可雅小姐雖然用她那可怕的穴口折磨吞咽他那處最敏感的地方,卻又在青荬恐懼哭泣的時候親吻了他。
她好像……不是傳言中的那樣狠毒可怕,反而很……很好。
青荬很快就被操弄得失去了思考的能力,只是模模糊糊地想著,能被雅小姐親吻過,他之后便可以安心地被處死了。
溫雅在親吻了青荬的唇瓣之后,她身下的小美人便乖乖地挨操了,甚至還不由自主地曲起一雙長腿,讓溫雅套弄他那根碩大肉棒的動作更省力些。
她一深一淺地起坐,穴道緊緊絞著青荬那根色澤瑩白的肉棒,反復來回地把它往深處吞入。而身下的小醫官也隨著她的節奏,身子一陣陣繃緊,粉唇間溢出斷斷續續帶哭腔的媚叫。
隨著青荬的一聲哭吟,那顆粉果的尖端頂到了一下溫雅的子宮,而后再頂過去,竟直接卡在了她彈滑的子宮口里。

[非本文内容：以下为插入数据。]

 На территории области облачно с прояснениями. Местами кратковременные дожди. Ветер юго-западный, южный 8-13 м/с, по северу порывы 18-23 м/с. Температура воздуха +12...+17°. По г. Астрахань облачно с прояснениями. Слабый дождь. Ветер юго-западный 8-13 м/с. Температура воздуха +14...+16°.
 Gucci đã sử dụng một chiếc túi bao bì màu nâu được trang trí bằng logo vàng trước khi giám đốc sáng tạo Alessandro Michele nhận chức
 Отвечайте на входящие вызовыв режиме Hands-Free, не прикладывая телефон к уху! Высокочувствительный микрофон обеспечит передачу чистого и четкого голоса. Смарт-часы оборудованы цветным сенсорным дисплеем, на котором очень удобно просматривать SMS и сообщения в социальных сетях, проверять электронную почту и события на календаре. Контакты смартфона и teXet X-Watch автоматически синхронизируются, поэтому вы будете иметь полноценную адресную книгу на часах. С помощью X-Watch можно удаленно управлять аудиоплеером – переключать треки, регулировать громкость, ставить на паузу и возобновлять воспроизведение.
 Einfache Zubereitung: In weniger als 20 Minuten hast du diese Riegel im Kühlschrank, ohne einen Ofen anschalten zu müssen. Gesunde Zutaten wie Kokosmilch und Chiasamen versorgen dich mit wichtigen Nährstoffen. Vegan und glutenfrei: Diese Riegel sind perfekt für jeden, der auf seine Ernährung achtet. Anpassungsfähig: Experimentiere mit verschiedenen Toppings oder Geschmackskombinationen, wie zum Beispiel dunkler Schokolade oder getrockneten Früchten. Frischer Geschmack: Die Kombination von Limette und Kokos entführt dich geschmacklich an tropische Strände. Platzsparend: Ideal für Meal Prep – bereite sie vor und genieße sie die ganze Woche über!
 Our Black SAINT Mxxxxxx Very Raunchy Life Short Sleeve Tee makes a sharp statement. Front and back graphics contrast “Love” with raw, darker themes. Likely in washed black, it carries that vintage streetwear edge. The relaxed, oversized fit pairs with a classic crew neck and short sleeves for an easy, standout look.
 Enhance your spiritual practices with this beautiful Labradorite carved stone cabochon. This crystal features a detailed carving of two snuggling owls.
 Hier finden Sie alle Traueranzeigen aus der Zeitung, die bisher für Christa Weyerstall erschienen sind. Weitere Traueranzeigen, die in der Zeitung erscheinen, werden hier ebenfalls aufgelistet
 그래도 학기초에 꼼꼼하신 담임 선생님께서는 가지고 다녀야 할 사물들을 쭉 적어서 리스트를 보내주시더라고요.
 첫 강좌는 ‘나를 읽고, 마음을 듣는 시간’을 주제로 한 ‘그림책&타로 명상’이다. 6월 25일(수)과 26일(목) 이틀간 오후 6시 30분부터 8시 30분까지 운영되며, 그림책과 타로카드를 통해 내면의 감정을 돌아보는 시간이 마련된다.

“啊、到、到底了——”青荬神志不清地叫出來,可溫雅還在往下坐,用子宮口捏含著那顆尖頭的粉果,繼續往里面吃青荬粗長如兒臂的瑩白肉棒。
“不、不要……小姐……”青荬饒是被她吻到完全順從,在肉棒的小口被子宮狠親的時候,也禁不住小幅度擺動幾近痙攣的腰,試圖從那可怕的穴里逃脫,連自稱也變了,“嗚……奴、奴要死了……”
“這就要死了?”溫雅拍了一下他緊繃的翹臀,別看這小醫官身子纖瘦,這身瑩白的肉卻很緊實,被操到緊繃用力的時候還有明顯的線條。
“嗚……”青荬又哭了一聲,只覺得反正都是要死,之后被處死倒還不如現在讓小姐折磨死,至少還能讓她盡興了,“小姐……小姐弄死奴吧……”
貌美的男子如果在平時說要弄死他,那可能是以退為進的道德綁架。但若是在進行一番云雨的時候求著弄死他,則無疑是最好的催情藥。
“唔……”溫雅的穴里流出一股水來,穴壁收得更緊。她勾著青荬的腰,用力幾個挺身,無視身下人媚叫著求饒,將那愈發漲硬的肉棒坐到了最里面,穴里的軟肉被肉棒完全撐開,子宮也被擠到了不能再往上的位置。
她只覺得爽感把肚子填得滿滿,口中還調教這不知好歹的小東西:“弄死可不好,本宮倒要弄生你——你這賤東西這么硬,怕是早就想懷了吧?”
青荬聽了之后,那對瑩白的玉卵里竟登時擠出一股白乳。他以前只以為自己要被處死,從沒想過他也能生下孩子。然而雅小姐這樣說了……青荬腦海里不禁涌現出未來的想象,他挺著圓鼓鼓的孕肚被小姐騎在身下,一邊護著腹中的孩兒,一邊卻被孩兒的母親操弄得嗚嗚直哭。
這樣幻想著,青荬感覺到未來都有了希望。他好想生下小姐的孩子,就像他爹爹那樣,哪怕這輩子都得不到一個堂堂正正的名分,只要能生下心上人的孩子,他的生活便有盼頭了。
“小姐……”青荬的腰部以下已經被套弄得無法自控,然而在朦朧的淚光里,他還是努力去抬起手,用那白皙修長的手指與溫雅的手指相交,“小姐……奴想懷……小賤奴要生、生下……小姐的孩兒……”
溫雅沒料到他這么乖乖地自稱“小賤奴”,一時間沒控制住,狠狠地在這和她共有一半血緣的男孩身上疊了兩疊,把青荬操弄得哭聲都啞了。